Let's assume I have the following instruction, plain and simple:
6A 4D push 4Dh
That is okay for me, I understand that. 6A is the opcode with a 8-byte intermediate value of 4Dh.
Let's go further down the road:
51 push ecx
Same deal, only with the Opcode being 50 + 1 for the ECX register as the r32 operand.
But what about this one?
FF 15 F8 2A 42 00 call DWORD PTR ds:0x422AF8
I understand that the first byte is the opcode for CALL, the second is the ModR/M with mod == 00, reg == 010 and r/m == 101, which specifies that a displacement follows, which is the last four bytes of F8 2A 42 00.
What I do NOT understand are two things:
First, according to the table in the link I mentioned above, the FF opcode can have multiple purposes, like variants of PUSH, CALL or JMP. The only difference seems to be the so called "opcode extension", which would be '2' for the example here. Where is this encoded? How does my disassembler know that it is the FF for CALL, and not the FF for JMP?
Secondly, why is this the operand a displacement of the DS segment? Is this the default for the instruction, or is this encoded somewhere, too?

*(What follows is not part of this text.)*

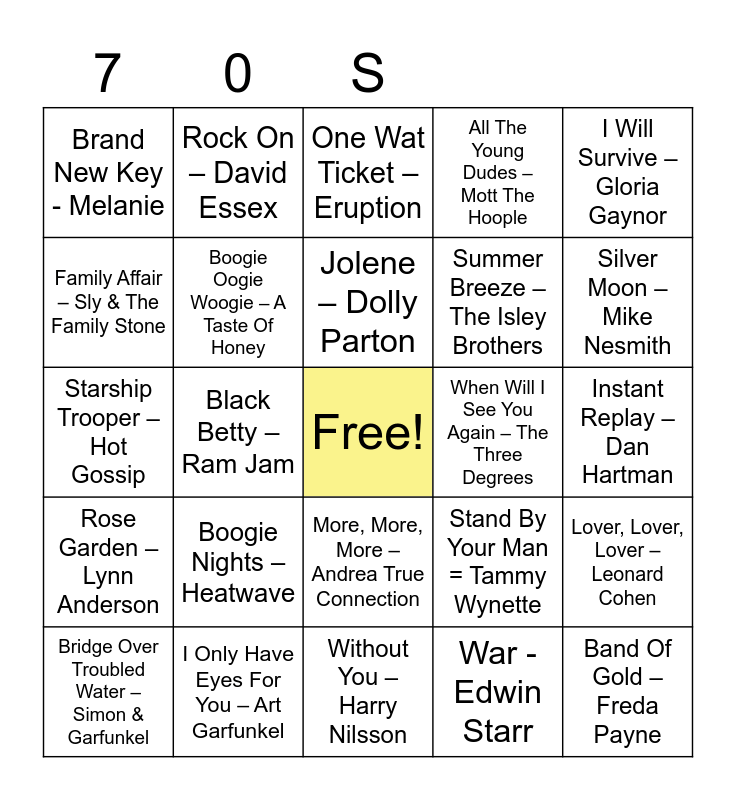 This bingo card has a free space and 90 words: Hold Your Head Up – Argent, It Never Rains In Southern California – Albert Hammond, More, More, More – Andrea True Connection, Baby Don’t Get Hooked On Me – Mac Davis, Yes Sir I Can Boogie - Baccara, Mandy – Barry Manilow, Bye, Bye Baby – Bay City Rollers, Ain’t No Sunshine When She’s Gone - Bill Withers, Love Really Hurts Without You – Billy Ocean, Me & Mrs Jones – Billy Paul, I Can Help – Billy Swan, More Than A Feeling - Boston, I’m A California Man – Cheap Trick, Instant Replay – Dan Hartman, Gonna Make You A Star – David Essex, Jolene – Dolly Parton, Living Thing – Electric Light Orchestra, All By Myself – Eric Carmen, Every Day Hurts – Sad Café, Fire – Pointer Sisters, Girls, Girls, Girls – Sailor, Midnight Train To Georgia – Gladys Knight, Without You – Harry Nilsson, Rock The Boat – Hues Corporation, Starship Trooper – Hot Gossip, I Only Have Eyes For You – Art Garfunkel, If You Don’t Know Me By Now – Harold Melvin, San Bernadino – Jeff Christie, This Thing Called Love- Johnny Cash, Take On All The World –Judas Priest, Wayward Son – Kansas, Lover, Lover, Lover – Leonard Cohen, Love Train – The O’Jays, Rose Garden – Lynn Anderson, Brand New Key - Melanie, All The Young Dudes – Mott The Hoople, One Wat Ticket – Eruption, Because The Night – Patti Smith, Black Betty – Ram Jam, Silver Moon – Mike Nesmith, Bridge Over Troubled Water – Simon & Garfunkel, Family Affair – Sly & The Family Stone, Suicide Is Painless - The Ron Hicklin Singers, Sylvia’s Mother – Dr Hook, Lying In The Arms Of Mary – Sutherland Brothers, Stand By Your Man = Tammy Wynette, Tears On My Pillow = Johnny Nash, Cat Scratch Fever – Ted Nugent, Kissing In The Back Row – The Drifters, Best Of My Love – The Emotions, American Woman – The Guess Who, Summer Breeze – The Isley Brothers, Blame It On The Boogie – The Jackson 5, Kiss & Say Goodbye – The Manhattans, The Most Beautiful Girl In The World – Charlie Rich, I’m In The Mood For Dancing – The Nolans, When Will I See You Again – The Three Degrees, There Goes Another Love Song – The Outlaws, This Is It - Melba Moore, Tie A Yellow Ribbon – Dawn ft Tony Orlando, I Love To Love – Tina Charles, Too Much, Too Little, Too Late _ Deniece Williams, Turn The Beat Around – Vicki Sue Robunson, What Can I Say – Boz Scaggs, Play That Funky Music – Wild Cherry, Pearl’s A Singer – Elkie Brooks, Lady Marmalade - Patti Labelle, War - Edwin Starr, Heart Of Glass – Blondie, Staying Alive – Bee Gees, Boogie Nights – Heatwave, Band Of Gold – Freda Payne, I’m Not In Love – 10CC, It’s A Heartache – Bonnie Tyler, Rock On – David Essex, Boogie Oogie Woogie – A Taste Of Honey, January - Pilot, Ballroom Blitz - Sweet, No Regrets – The Walker Brothers, Cold As Ice - Foreigner, YMCA – Village People, I Will Survive – Gloria Gaynor, Mississippi - Pussycat, Under The Moon Of Love - Showaddywaddy, Roll Away The Stone Mott The Hoople, Don’t Stop – Fleetwood Mac, I’d Like To Teach The World To Sing – New Seekers, Ring My Bell – Anita Ward, Five Me A Little More Time – Chairman Of The Board and Some Girls - Racey.

Do the segment-override-bytes have something to do with that?
As the versed among you probably noticed by now I am pretty much a novice in this area, and I had to really think about putting up a post here as some people get to get kinda bossy or patronizing about a "dull" question, but I really could use some help here.
If my understanding of things is wrong, please correct me, and if someone cares to roughly explain how the encoding works I'd really appreciate it.
Thanks in advance!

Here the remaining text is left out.